Optimizing supportive care measures is recommended for associated complications of TA-TMA including: hypertension, acute kidney injury, pericardial or pleural effusion, PRES, DAH, and gastrointestinal bleeding. If patients have high titers of factor H autoantibodies, treatment with therapeutic plasma exchange (TPE) may be helpful34, and treating with rituximab at the end of TPE can be considered35. If there are no antibodies present, TPE and rituximab have limited efficacy36. Eculizumab is recommended for patients with high risk features defined as elevated sC5b-9 (≥244 ng/mL) and proteinuria (>30 mg/dL)37. Eculizumab may also be considered when patients have organ dysfunction and elevated sC5b-9 or proteinuria, or in those with progressive disease despite maximal supportive care. Eculizumab is dosed frequently early in the course of TA-TMA to achieve suppression of complement, with CH50 used as an indirect measure of complement blockade38. After an early intense treatment period, eculizumab is spaced out over time. If the inciting factor has resolved, i.e., GVHD is quiescent or infection is treated, patients may be able to stop eculizumab without recurrent TA-TMA. More data is needed regarding the length of therapy, patients most likely to benefit, the pharmacokinetics of eculizumab in TA-TMA, and an ongoing phase 2 multi-institutional trial will likely provide important data to this effect (ClinicalTrials.gov: NCT03518203). Although eculizumab has shown success in some patients and generally been safe when prophylaxis against Neisserial bacterial infections are provided, it is expensive and nearly 40% do not respond and die25**. Thus, new approaches are needed. Additional understanding of the pathophysiology, consensus on diagnostic criteria and response, and new diagnostic and prognostic biomarkers are critically important as additional therapeutic approaches emerge.

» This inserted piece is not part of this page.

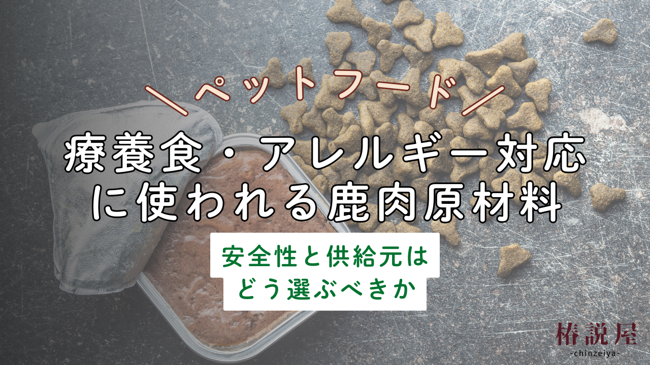 犬の療養食・食事療法・アレルギー対応に鹿肉を採用する動きが広がっています。 重要なのは「鹿肉であること」ではなく、 獣医師・動物病院が説明責任を果たせる原材料かどうかです。 本記事では、供給元選定の判断軸を工場・医療目線で整理します。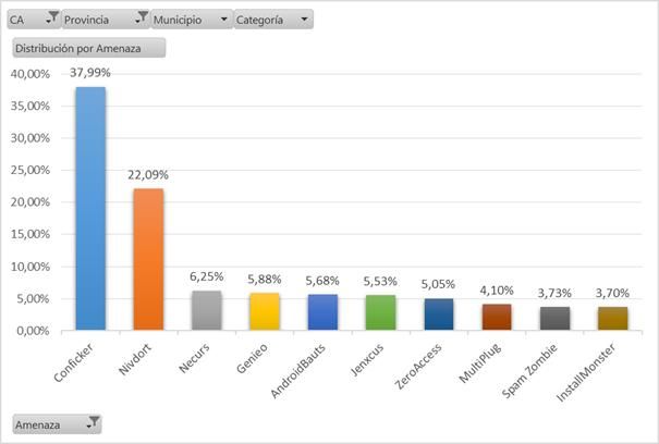 Respecto al tipo de ciberataques detectados, se trata mayoritariamente de zombies o bots que pertenecen a botnets controlados por ciberdelincuentes. Los bots son uno de los delitos cibernéticos más sofisticados y populares de hoy en día. Permiten a los hackers tomar control de muchos equipos a la vez y convertirlos en equipos zombies, que funcionan como parte de un poderoso botnet que propaga virus, genera spam y comete otros tipos de delitos y fraudes.

Emerging Therapeutic Approaches

There are multiple complement inhibitors under investigation that may have therapeutic implications in TA-TMA (Table 1). The agents currently FDA approved for paroxysmal nocturnal hemoglobinuria (PNH) or atypical hemolytic uremic syndrome (aHUS) include: eculizumab, ravulizumab, and pegcetacoplan. Medications with published data or current or planned trials specifically in TA-TMA include:

  • Ravulizumab/Ultomiris® is a long acting humanized monoclonal C5 antibody, currently FDA approved for PNH and aHUS. There are two ongoing clinical trials in TA-TMA, one a phase 3 randomized, double blind, placebo-controlled trial (clinicaltrials.gov NCT04543591) and a phase 3 single arm study in pediatrics (clinicaltrials.gov NCT04557735). This is the first randomized trial in TA-TMA and is a critically important addition to the field of TA-TMA.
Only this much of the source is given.